━━━ Exercise data

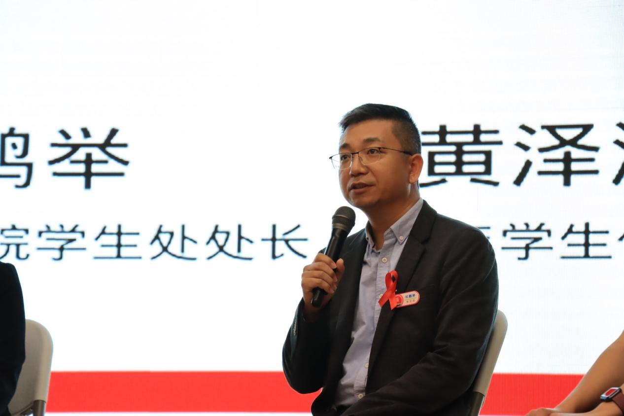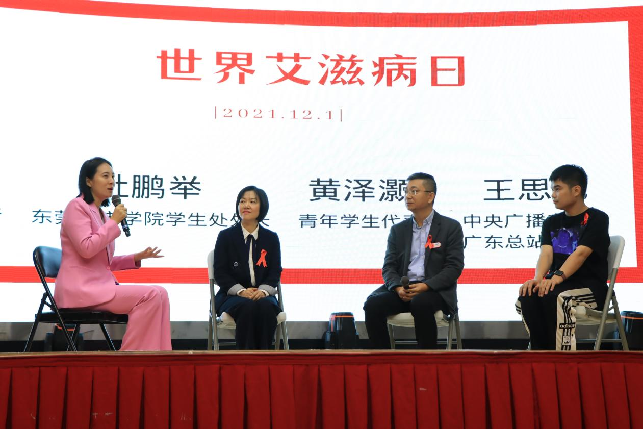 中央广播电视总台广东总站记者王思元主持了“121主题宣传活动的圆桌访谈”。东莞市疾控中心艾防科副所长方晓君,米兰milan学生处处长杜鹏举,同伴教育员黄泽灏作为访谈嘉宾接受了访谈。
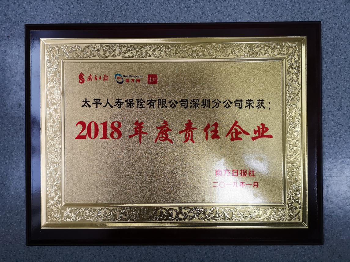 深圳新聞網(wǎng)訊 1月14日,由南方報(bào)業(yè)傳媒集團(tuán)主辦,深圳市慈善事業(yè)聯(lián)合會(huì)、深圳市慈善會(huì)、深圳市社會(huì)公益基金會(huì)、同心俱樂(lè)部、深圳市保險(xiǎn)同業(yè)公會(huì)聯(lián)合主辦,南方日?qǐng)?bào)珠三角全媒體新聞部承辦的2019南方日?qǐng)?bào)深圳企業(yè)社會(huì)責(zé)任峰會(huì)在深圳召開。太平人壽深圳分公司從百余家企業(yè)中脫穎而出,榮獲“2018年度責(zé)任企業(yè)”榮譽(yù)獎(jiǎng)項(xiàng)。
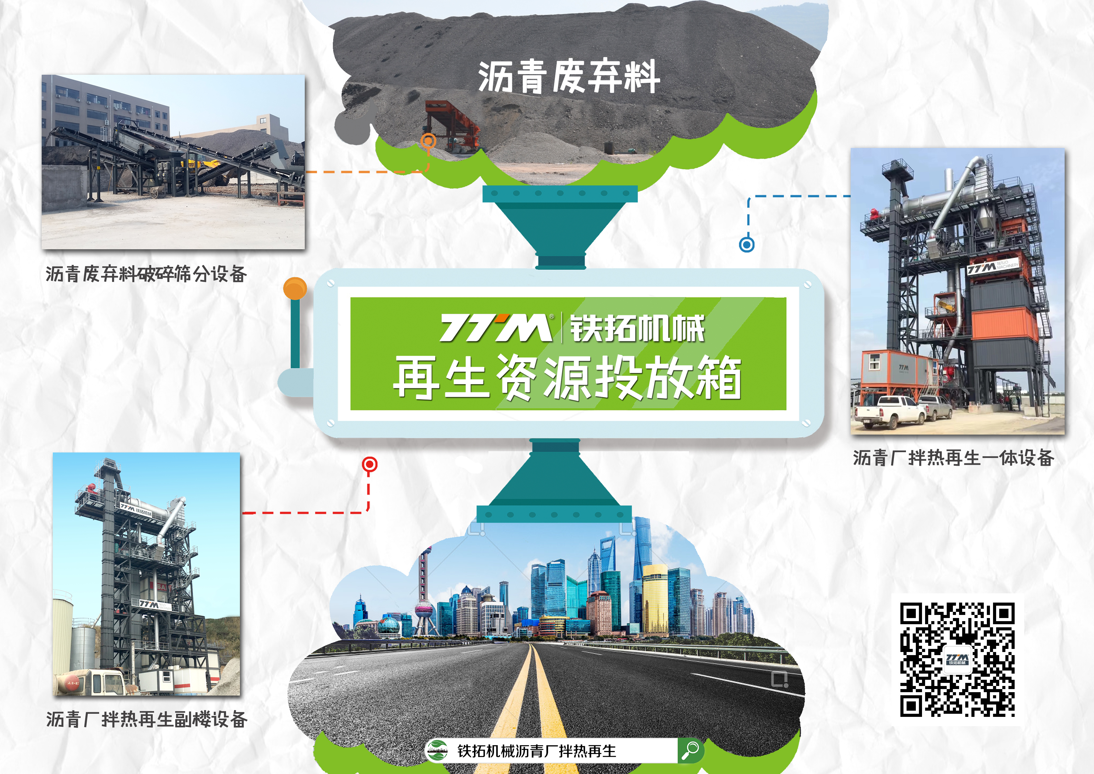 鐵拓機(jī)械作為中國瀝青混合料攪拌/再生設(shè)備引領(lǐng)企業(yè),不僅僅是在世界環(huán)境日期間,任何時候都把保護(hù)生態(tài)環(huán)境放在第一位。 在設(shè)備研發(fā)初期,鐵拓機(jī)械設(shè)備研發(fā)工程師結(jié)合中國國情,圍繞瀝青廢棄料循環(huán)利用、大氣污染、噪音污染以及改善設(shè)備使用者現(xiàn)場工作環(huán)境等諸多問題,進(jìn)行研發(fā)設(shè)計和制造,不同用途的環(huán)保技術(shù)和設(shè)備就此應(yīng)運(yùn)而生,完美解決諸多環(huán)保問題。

━━━━━━
━━━ Exercise data

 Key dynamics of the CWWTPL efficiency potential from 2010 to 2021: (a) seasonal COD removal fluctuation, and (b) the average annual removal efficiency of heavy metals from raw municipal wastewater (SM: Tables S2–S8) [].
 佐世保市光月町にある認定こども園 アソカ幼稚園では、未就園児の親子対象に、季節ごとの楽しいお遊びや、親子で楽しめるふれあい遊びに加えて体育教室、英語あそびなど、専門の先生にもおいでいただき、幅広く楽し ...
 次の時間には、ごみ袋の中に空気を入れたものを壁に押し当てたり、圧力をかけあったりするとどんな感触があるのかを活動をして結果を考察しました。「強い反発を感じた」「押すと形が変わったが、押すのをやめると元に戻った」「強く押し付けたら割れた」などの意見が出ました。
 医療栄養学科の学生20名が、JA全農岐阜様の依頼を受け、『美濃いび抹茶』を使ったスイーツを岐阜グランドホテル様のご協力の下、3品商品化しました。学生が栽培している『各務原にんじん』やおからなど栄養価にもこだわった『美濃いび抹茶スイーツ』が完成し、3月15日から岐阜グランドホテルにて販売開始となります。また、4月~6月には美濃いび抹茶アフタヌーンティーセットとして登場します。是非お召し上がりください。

━━━━━━
━━━ Exercise data

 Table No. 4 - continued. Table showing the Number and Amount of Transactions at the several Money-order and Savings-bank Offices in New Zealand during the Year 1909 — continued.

━━━━━━

The task> Write out exactly the lines above from the line with "Key dynamics of" through the line with "医療栄養学科の学生20名が、", both of them included, and leave out all other lines.

Exercise solution>
 Key dynamics of the CWWTPL efficiency potential from 2010 to 2021: (a) seasonal COD removal fluctuation, and (b) the average annual removal efficiency of heavy metals from raw municipal wastewater (SM: Tables S2–S8) [].
 佐世保市光月町にある認定こども園 アソカ幼稚園では、未就園児の親子対象に、季節ごとの楽しいお遊びや、親子で楽しめるふれあい遊びに加えて体育教室、英語あそびなど、専門の先生にもおいでいただき、幅広く楽し ...
 次の時間には、ごみ袋の中に空気を入れたものを壁に押し当てたり、圧力をかけあったりするとどんな感触があるのかを活動をして結果を考察しました。「強い反発を感じた」「押すと形が変わったが、押すのをやめると元に戻った」「強く押し付けたら割れた」などの意見が出ました。
 医療栄養学科の学生20名が、JA全農岐阜様の依頼を受け、『美濃いび抹茶』を使ったスイーツを岐阜グランドホテル様のご協力の下、3品商品化しました。学生が栽培している『各務原にんじん』やおからなど栄養価にもこだわった『美濃いび抹茶スイーツ』が完成し、3月15日から岐阜グランドホテルにて販売開始となります。また、4月~6月には美濃いび抹茶アフタヌーンティーセットとして登場します。是非お召し上がりください。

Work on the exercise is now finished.